Net 30 vs Net 60 vs early-payment discount — what to actually offer
Don't offer one blanket term to everyone. Tie the term to the relationship and tier it through the customer group, so the payment-method gate from Step 1 also encodes the generosity of the terms:
| Term | Offer to | PrestaShop setup |
|---|---|---|
| Prepaid / card only | Brand-new accounts, first order | No terms method shown — they're not in the approved group yet. |
| Net 30, small limit | 2nd–3rd order, paid promptly so far | Approved group, low credit-limit value, Net 30 on the invoice template. |
| Net 60 | Established, reliably paying accounts | Higher-tier group with its own method instance / limit; longer due-date calc. |
| 2/10 Net 30 (2% off if paid in 10 days) | Anyone you'd rather pay you fast | Discount stated on the invoice; reconcile the reduced amount manually on early payment. |
Because each tier is a group, you can hold three method instances (Net 30, Net 60, prepaid) and let group restriction decide which a given buyer sees. A second-order customer never sees Net 60; an established account never has to ask for it.

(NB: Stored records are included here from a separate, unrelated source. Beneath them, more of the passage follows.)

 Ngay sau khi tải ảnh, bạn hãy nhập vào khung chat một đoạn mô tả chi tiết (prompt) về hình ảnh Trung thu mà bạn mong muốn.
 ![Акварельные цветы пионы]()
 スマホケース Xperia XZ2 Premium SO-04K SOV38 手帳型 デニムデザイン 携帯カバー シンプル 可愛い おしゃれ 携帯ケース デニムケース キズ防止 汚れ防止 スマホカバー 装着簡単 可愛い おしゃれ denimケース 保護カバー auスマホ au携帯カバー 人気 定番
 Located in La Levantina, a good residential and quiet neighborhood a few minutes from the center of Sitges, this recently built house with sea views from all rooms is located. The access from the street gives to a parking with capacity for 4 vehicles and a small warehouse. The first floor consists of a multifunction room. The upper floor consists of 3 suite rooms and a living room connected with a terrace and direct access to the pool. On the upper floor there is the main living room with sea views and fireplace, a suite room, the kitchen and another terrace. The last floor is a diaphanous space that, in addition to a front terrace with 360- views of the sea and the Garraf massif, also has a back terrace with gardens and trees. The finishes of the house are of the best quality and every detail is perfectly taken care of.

The cash-flow reality you're signing up for
One honest caveat, because the platform can't fix it: terms mean you've paid for stock and shipping while the money is 30–60 days out. At 20,000 EUR/month of B2B revenue on Net 30, roughly a month's revenue is permanently in transit; on Net 60, two. That working-capital gap is a business decision, not a PrestaShop setting — finance it from your own funds, a credit line, or factoring. What PrestaShop can do, and what the steps above deliver, is make sure you always know the exact size of that gap: one filtered list of unpaid-terms orders, ageing in front of you, with limits enforced before the next one is added.

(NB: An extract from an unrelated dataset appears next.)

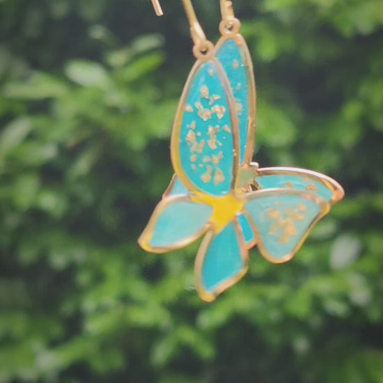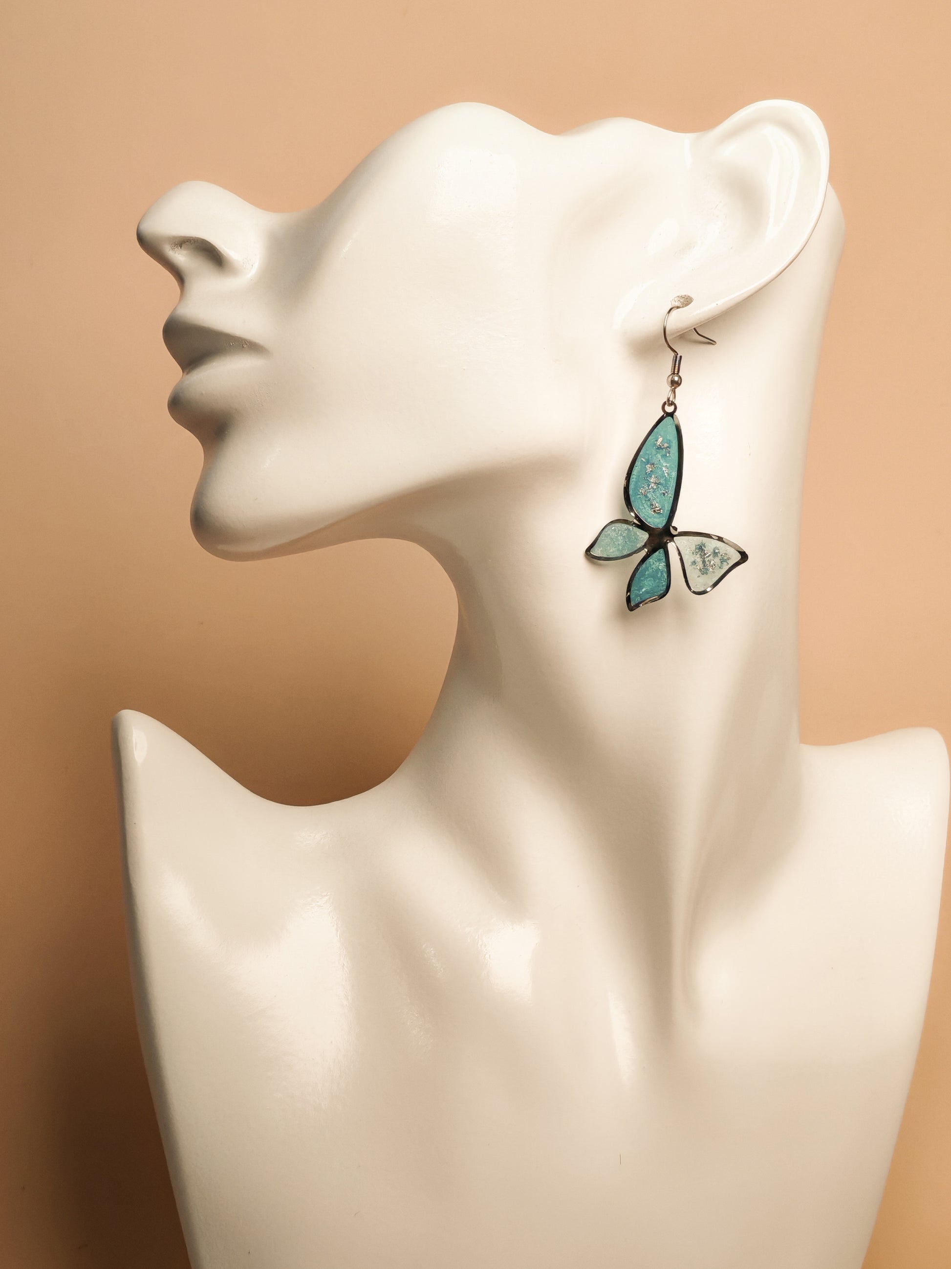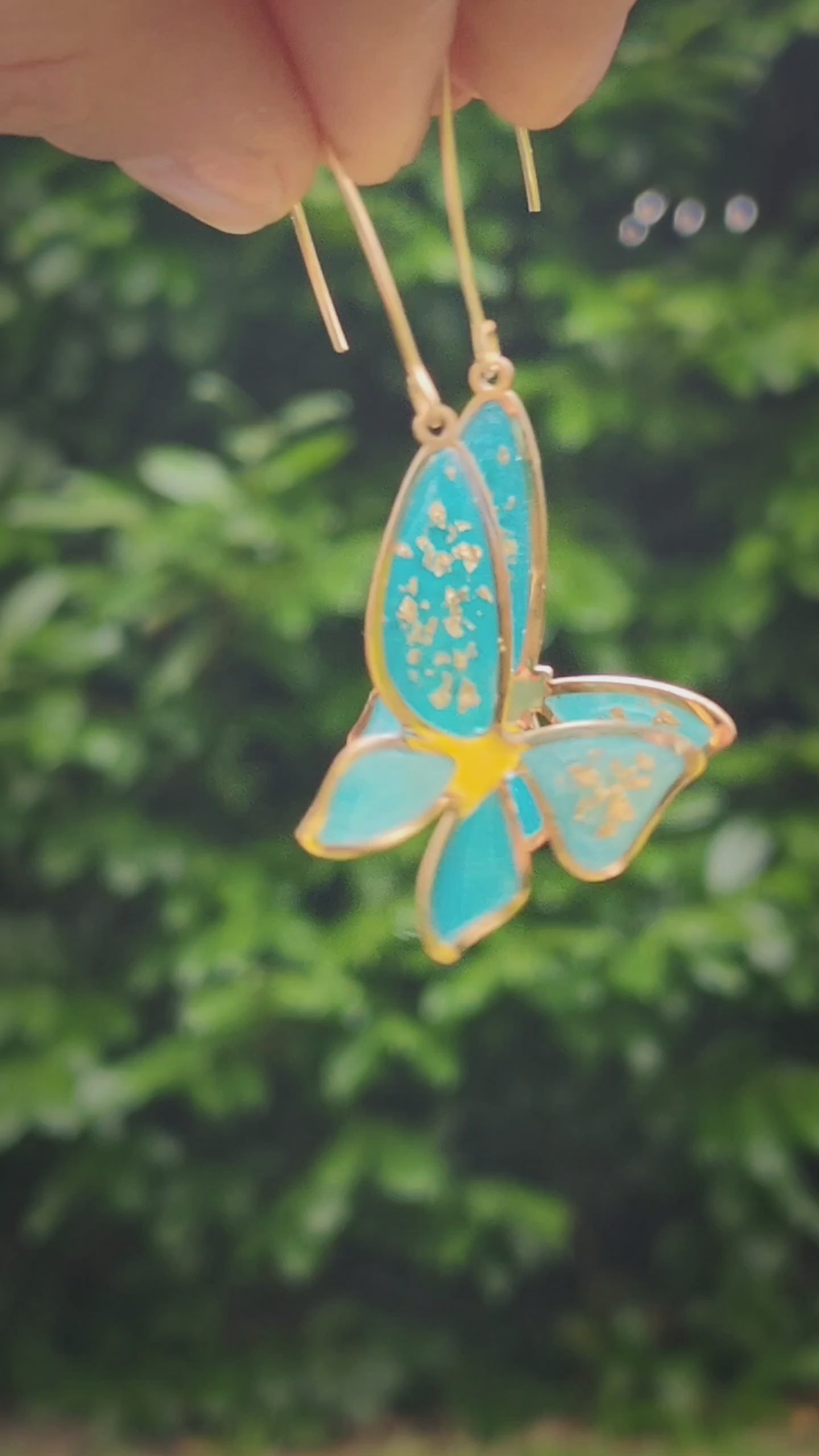 Ces papillons délicats mesurent environ 31 × 40 mm et semblent tout droit sortis d’un univers féerique. Leur structure en acier inoxydable est soigneusement remplie de résine colorée, laissant apparaître de subtils jeux de lumière au cœur des ailes.

Where this sits in the B2B picture
Deferred payment is one capability of a proper B2B setup, not the whole thing. If you're building trade selling from scratch, start with the overview — selling B2B on PrestaShop — then layer in the pieces: showing net prices to business buyers, automating EU VAT exemption, and the vetting that decides who earns terms at all — verifying business customers before giving access. Get the gate, the order state and the credit-limit check right, and "pay on invoice" stops being a spreadsheet of risk and becomes just another way your approved buyers check out — the way their procurement department already expects to.